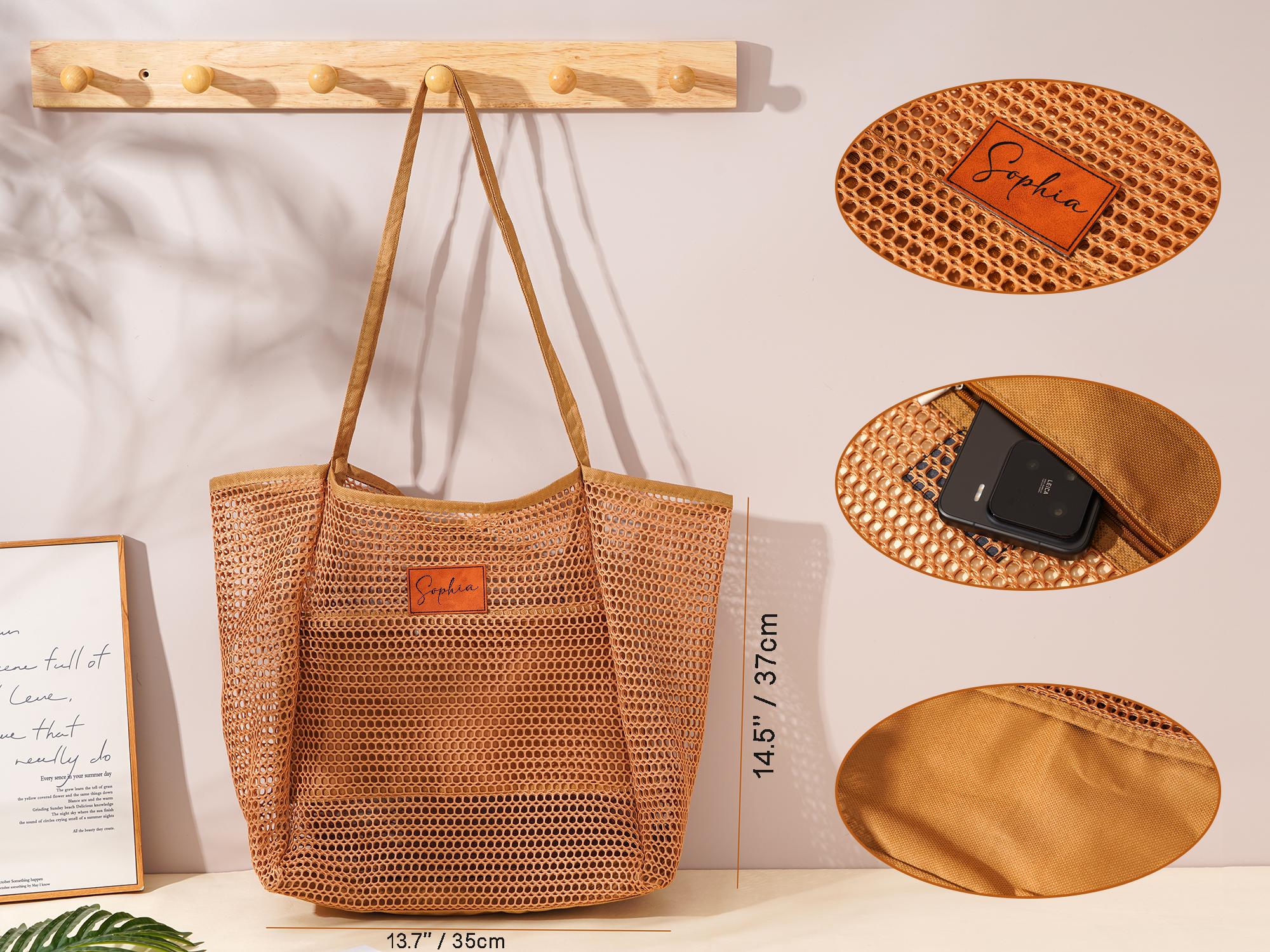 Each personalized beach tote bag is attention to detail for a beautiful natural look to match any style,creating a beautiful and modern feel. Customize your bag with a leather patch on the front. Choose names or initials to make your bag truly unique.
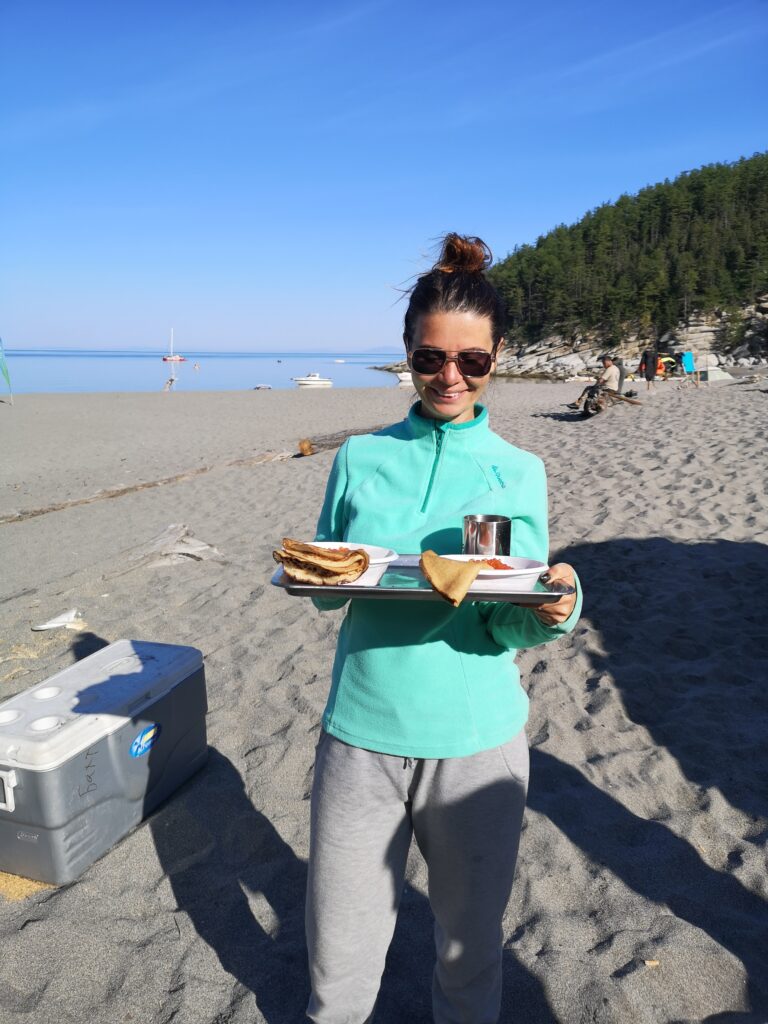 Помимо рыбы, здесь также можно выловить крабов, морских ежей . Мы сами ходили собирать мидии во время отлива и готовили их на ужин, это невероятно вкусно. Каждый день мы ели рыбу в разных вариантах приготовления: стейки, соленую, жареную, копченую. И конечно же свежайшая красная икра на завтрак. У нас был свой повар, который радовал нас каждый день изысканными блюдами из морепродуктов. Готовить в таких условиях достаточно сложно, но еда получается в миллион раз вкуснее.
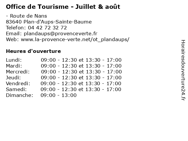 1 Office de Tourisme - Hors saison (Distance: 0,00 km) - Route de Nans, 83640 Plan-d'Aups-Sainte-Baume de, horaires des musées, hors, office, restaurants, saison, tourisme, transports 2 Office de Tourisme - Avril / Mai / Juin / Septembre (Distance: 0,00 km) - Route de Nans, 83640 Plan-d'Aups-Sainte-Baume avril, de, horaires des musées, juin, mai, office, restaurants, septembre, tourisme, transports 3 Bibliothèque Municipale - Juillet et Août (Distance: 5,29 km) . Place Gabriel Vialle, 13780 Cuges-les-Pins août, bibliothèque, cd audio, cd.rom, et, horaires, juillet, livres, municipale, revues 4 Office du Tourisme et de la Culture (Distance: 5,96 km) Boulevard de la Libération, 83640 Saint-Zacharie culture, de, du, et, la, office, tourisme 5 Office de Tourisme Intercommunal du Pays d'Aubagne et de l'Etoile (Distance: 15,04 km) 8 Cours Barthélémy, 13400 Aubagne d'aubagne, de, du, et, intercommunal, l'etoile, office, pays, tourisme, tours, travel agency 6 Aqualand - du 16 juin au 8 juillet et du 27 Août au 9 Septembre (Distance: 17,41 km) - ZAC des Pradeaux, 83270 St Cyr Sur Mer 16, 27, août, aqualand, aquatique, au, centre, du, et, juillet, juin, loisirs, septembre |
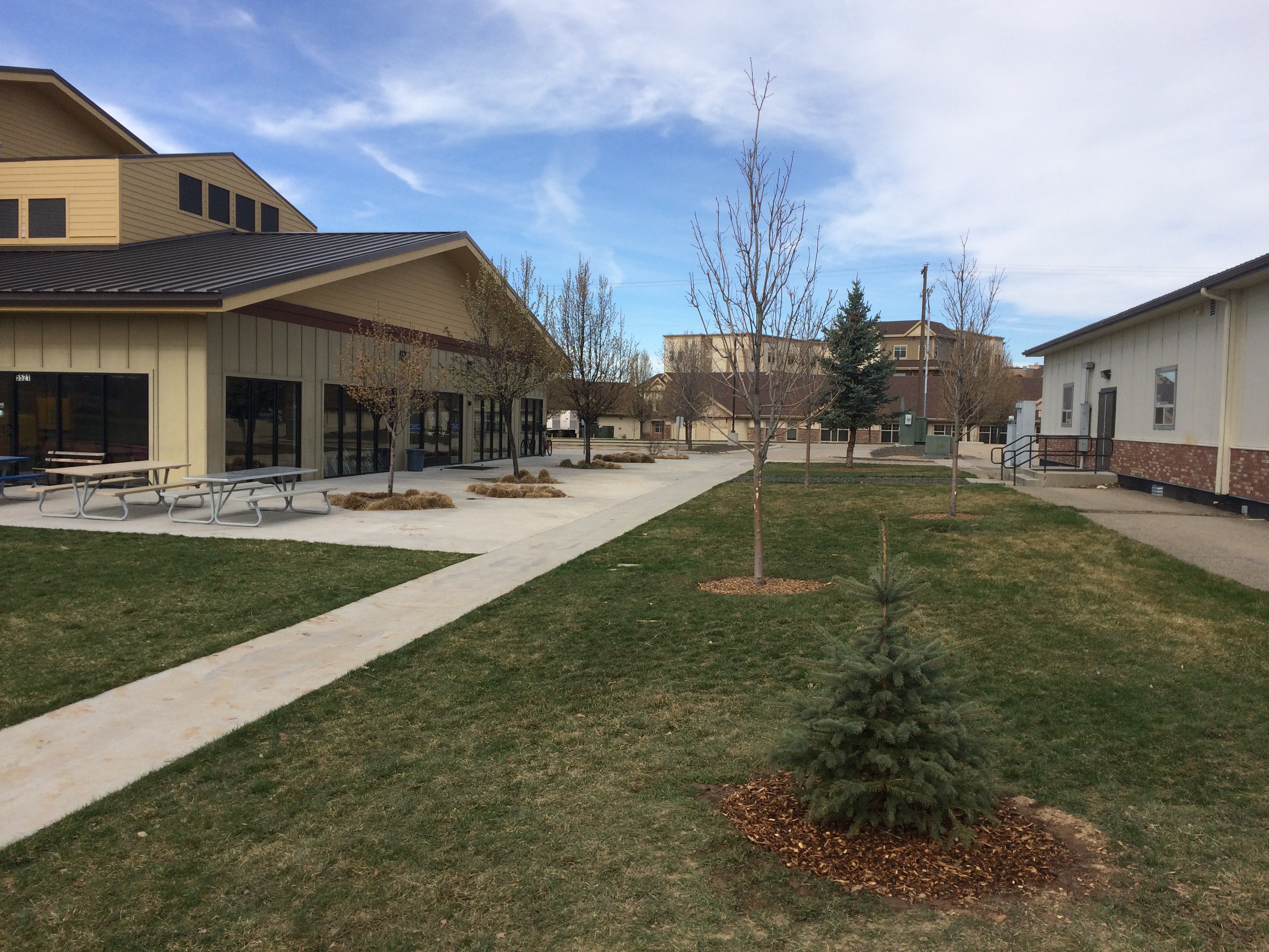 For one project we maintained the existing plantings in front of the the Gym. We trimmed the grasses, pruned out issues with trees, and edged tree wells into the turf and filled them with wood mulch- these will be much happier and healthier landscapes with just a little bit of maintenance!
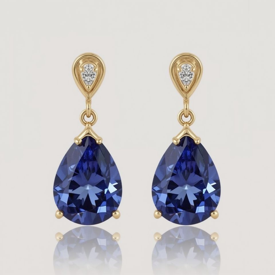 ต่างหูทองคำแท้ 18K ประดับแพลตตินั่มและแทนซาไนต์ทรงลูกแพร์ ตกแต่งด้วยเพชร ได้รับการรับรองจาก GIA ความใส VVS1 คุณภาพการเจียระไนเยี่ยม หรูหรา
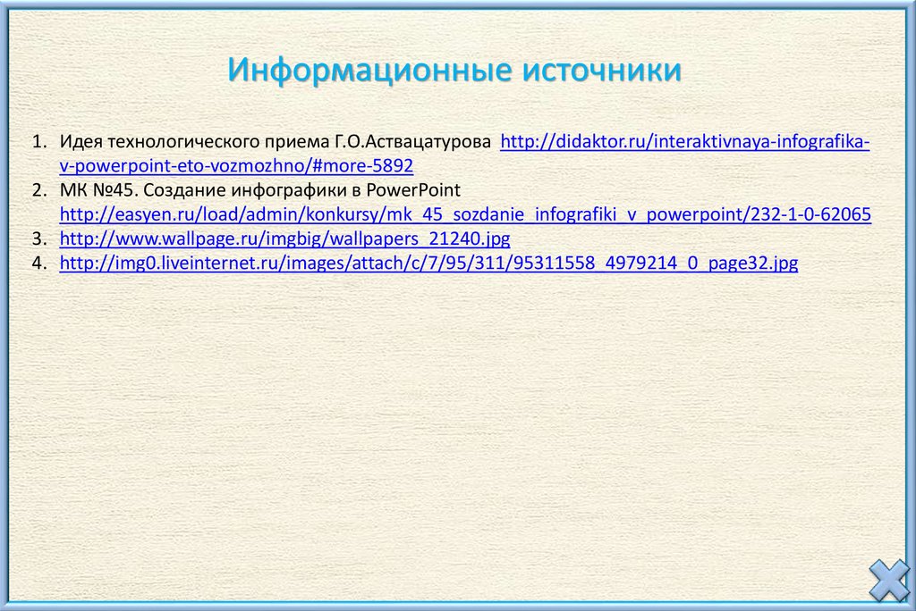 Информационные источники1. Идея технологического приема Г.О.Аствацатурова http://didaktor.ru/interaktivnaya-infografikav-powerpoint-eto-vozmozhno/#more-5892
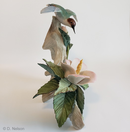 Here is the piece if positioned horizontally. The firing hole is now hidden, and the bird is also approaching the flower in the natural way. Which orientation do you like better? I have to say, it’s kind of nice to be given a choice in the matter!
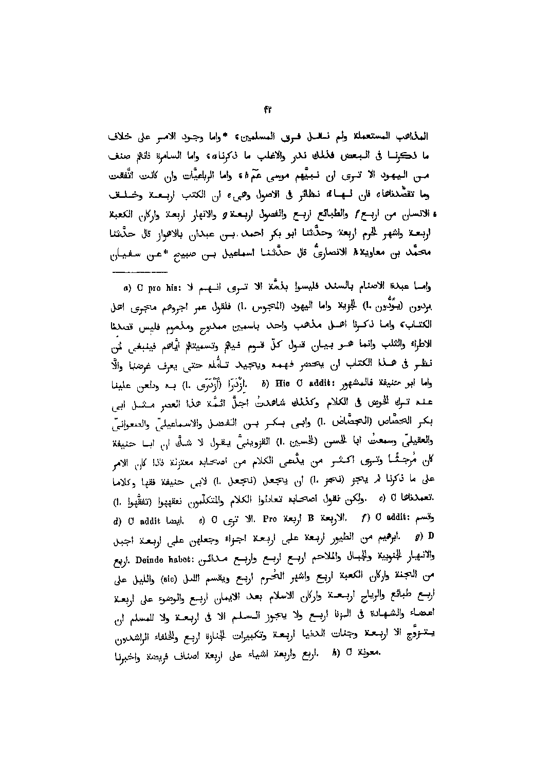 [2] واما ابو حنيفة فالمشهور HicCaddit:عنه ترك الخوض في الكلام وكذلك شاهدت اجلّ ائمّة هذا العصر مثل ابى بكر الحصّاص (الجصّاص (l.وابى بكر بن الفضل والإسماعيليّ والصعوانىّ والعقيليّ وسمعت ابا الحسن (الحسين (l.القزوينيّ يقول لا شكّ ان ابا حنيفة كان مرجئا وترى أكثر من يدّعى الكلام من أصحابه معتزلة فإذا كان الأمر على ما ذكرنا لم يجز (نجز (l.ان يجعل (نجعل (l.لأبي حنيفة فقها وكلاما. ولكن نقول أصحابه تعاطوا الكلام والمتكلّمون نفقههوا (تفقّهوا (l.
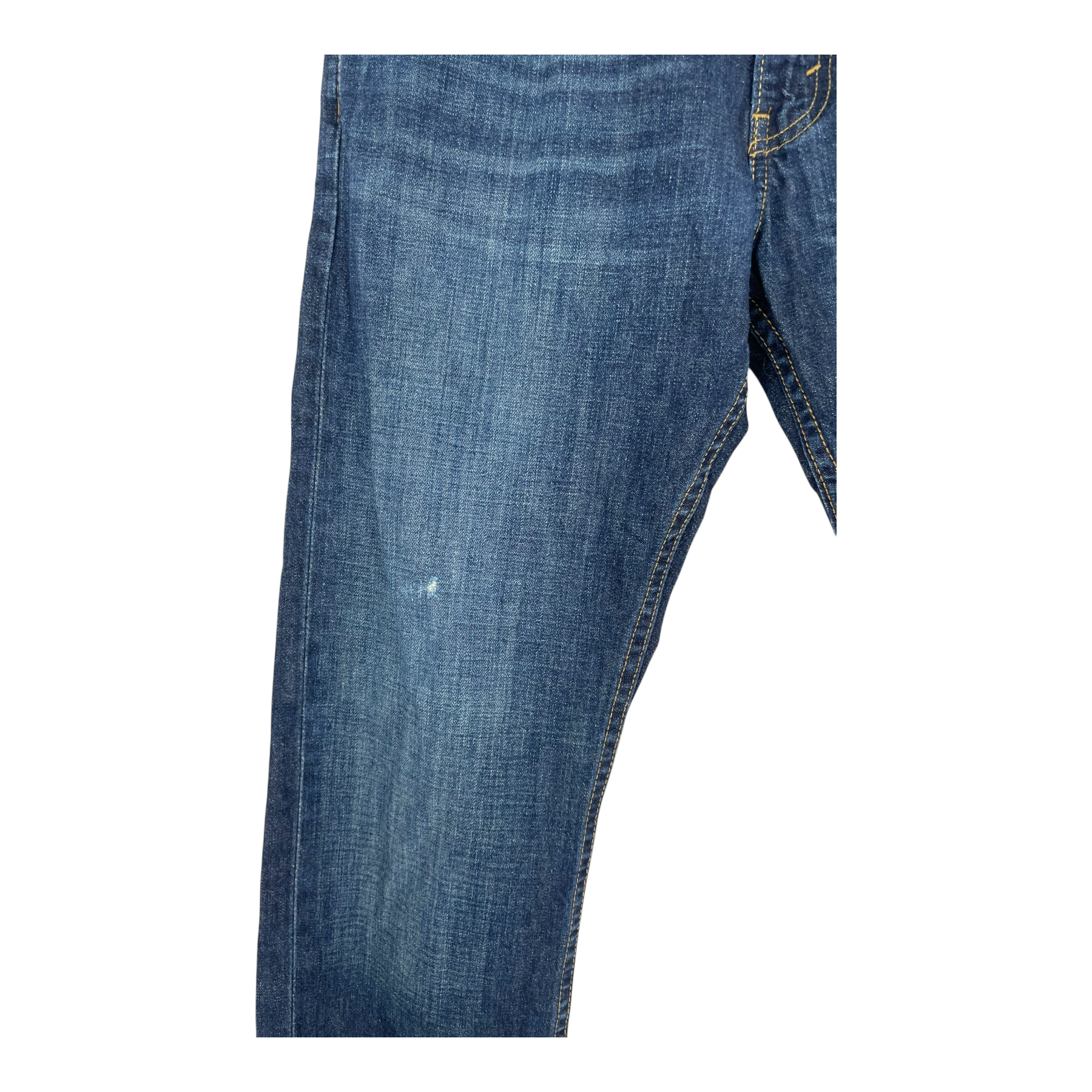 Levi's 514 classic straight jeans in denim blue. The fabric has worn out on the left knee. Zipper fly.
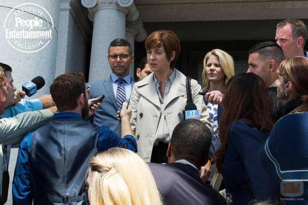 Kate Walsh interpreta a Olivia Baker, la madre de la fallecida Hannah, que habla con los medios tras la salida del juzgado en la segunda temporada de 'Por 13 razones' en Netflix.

-----

> THE TASK: Without the images, write out each line of the data verbatim.

> RESPONSE FOR THIS EXERCISE:
 Each personalized beach tote bag is attention to detail for a beautiful natural look to match any style,creating a beautiful and modern feel. Customize your bag with a leather patch on the front. Choose names or initials to make your bag truly unique.
 Помимо рыбы, здесь также можно выловить крабов, морских ежей . Мы сами ходили собирать мидии во время отлива и готовили их на ужин, это невероятно вкусно. Каждый день мы ели рыбу в разных вариантах приготовления: стейки, соленую, жареную, копченую. И конечно же свежайшая красная икра на завтрак. У нас был свой повар, который радовал нас каждый день изысканными блюдами из морепродуктов. Готовить в таких условиях достаточно сложно, но еда получается в миллион раз вкуснее.
 1 Office de Tourisme - Hors saison (Distance: 0,00 km) - Route de Nans, 83640 Plan-d'Aups-Sainte-Baume de, horaires des musées, hors, office, restaurants, saison, tourisme, transports 2 Office de Tourisme - Avril / Mai / Juin / Septembre (Distance: 0,00 km) - Route de Nans, 83640 Plan-d'Aups-Sainte-Baume avril, de, horaires des musées, juin, mai, office, restaurants, septembre, tourisme, transports 3 Bibliothèque Municipale - Juillet et Août (Distance: 5,29 km) . Place Gabriel Vialle, 13780 Cuges-les-Pins août, bibliothèque, cd audio, cd.rom, et, horaires, juillet, livres, municipale, revues 4 Office du Tourisme et de la Culture (Distance: 5,96 km) Boulevard de la Libération, 83640 Saint-Zacharie culture, de, du, et, la, office, tourisme 5 Office de Tourisme Intercommunal du Pays d'Aubagne et de l'Etoile (Distance: 15,04 km) 8 Cours Barthélémy, 13400 Aubagne d'aubagne, de, du, et, intercommunal, l'etoile, office, pays, tourisme, tours, travel agency 6 Aqualand - du 16 juin au 8 juillet et du 27 Août au 9 Septembre (Distance: 17,41 km) - ZAC des Pradeaux, 83270 St Cyr Sur Mer 16, 27, août, aqualand, aquatique, au, centre, du, et, juillet, juin, loisirs, septembre |
 For one project we maintained the existing plantings in front of the the Gym. We trimmed the grasses, pruned out issues with trees, and edged tree wells into the turf and filled them with wood mulch- these will be much happier and healthier landscapes with just a little bit of maintenance!
 ต่างหูทองคำแท้ 18K ประดับแพลตตินั่มและแทนซาไนต์ทรงลูกแพร์ ตกแต่งด้วยเพชร ได้รับการรับรองจาก GIA ความใส VVS1 คุณภาพการเจียระไนเยี่ยม หรูหรา
 Информационные источники1. Идея технологического приема Г.О.Аствацатурова http://didaktor.ru/interaktivnaya-infografikav-powerpoint-eto-vozmozhno/#more-5892
 Here is the piece if positioned horizontally. The firing hole is now hidden, and the bird is also approaching the flower in the natural way. Which orientation do you like better? I have to say, it’s kind of nice to be given a choice in the matter!
 [2] واما ابو حنيفة فالمشهور HicCaddit:عنه ترك الخوض في الكلام وكذلك شاهدت اجلّ ائمّة هذا العصر مثل ابى بكر الحصّاص (الجصّاص (l.وابى بكر بن الفضل والإسماعيليّ والصعوانىّ والعقيليّ وسمعت ابا الحسن (الحسين (l.القزوينيّ يقول لا شكّ ان ابا حنيفة كان مرجئا وترى أكثر من يدّعى الكلام من أصحابه معتزلة فإذا كان الأمر على ما ذكرنا لم يجز (نجز (l.ان يجعل (نجعل (l.لأبي حنيفة فقها وكلاما. ولكن نقول أصحابه تعاطوا الكلام والمتكلّمون نفقههوا (تفقّهوا (l.
 Levi's 514 classic straight jeans in denim blue. The fabric has worn out on the left knee. Zipper fly.
 Kate Walsh interpreta a Olivia Baker, la madre de la fallecida Hannah, que habla con los medios tras la salida del juzgado en la segunda temporada de 'Por 13 razones' en Netflix.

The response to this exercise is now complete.